--- Records shown ---
^^^^^^^^
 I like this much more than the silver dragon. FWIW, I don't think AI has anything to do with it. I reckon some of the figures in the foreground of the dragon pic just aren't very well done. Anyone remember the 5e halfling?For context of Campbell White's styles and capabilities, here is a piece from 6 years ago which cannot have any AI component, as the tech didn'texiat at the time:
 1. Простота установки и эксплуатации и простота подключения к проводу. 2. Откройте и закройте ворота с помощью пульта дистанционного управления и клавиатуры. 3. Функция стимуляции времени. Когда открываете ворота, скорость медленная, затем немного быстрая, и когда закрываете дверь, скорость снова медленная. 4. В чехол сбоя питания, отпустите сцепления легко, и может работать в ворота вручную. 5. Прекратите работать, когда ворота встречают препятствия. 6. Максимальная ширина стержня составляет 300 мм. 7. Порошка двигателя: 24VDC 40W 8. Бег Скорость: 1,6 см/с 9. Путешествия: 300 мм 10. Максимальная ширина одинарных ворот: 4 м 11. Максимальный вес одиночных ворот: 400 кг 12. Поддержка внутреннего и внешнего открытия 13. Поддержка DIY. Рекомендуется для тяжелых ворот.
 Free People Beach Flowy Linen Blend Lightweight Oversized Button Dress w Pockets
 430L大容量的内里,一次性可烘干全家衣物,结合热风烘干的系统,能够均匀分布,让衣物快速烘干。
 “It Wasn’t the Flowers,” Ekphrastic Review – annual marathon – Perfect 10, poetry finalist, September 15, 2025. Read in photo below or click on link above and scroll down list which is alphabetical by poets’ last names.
^^^^^^^^
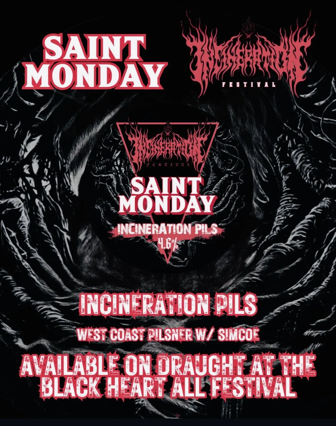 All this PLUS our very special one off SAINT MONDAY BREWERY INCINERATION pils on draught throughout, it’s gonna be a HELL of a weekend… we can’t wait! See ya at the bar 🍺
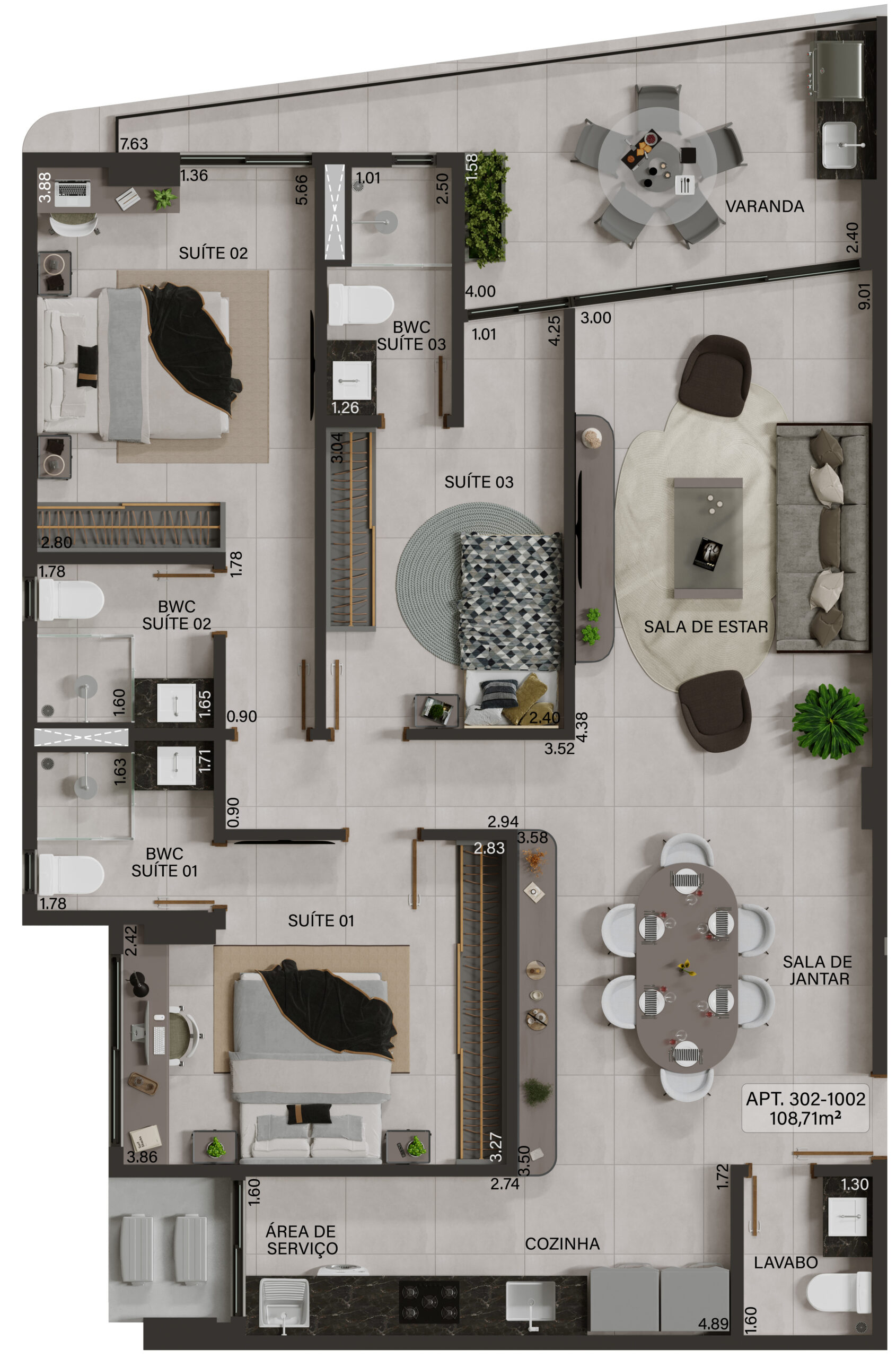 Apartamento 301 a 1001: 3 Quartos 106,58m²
^^^^^^^^
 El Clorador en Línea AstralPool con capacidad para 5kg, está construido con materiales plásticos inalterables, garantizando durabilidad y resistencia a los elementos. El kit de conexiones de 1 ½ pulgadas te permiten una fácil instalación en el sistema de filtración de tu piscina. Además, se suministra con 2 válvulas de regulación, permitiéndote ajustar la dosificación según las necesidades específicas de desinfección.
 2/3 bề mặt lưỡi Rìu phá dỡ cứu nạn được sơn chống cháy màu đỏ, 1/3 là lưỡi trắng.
^^^^^^^^
--- Directions ---
Go through the listing above and find each line containing the string "which"; copy those lines.

--- Answer to this task ---
 I like this much more than the silver dragon. FWIW, I don't think AI has anything to do with it. I reckon some of the figures in the foreground of the dragon pic just aren't very well done. Anyone remember the 5e halfling?For context of Campbell White's styles and capabilities, here is a piece from 6 years ago which cannot have any AI component, as the tech didn'texiat at the time:
 “It Wasn’t the Flowers,” Ekphrastic Review – annual marathon – Perfect 10, poetry finalist, September 15, 2025. Read in photo below or click on link above and scroll down list which is alphabetical by poets’ last names.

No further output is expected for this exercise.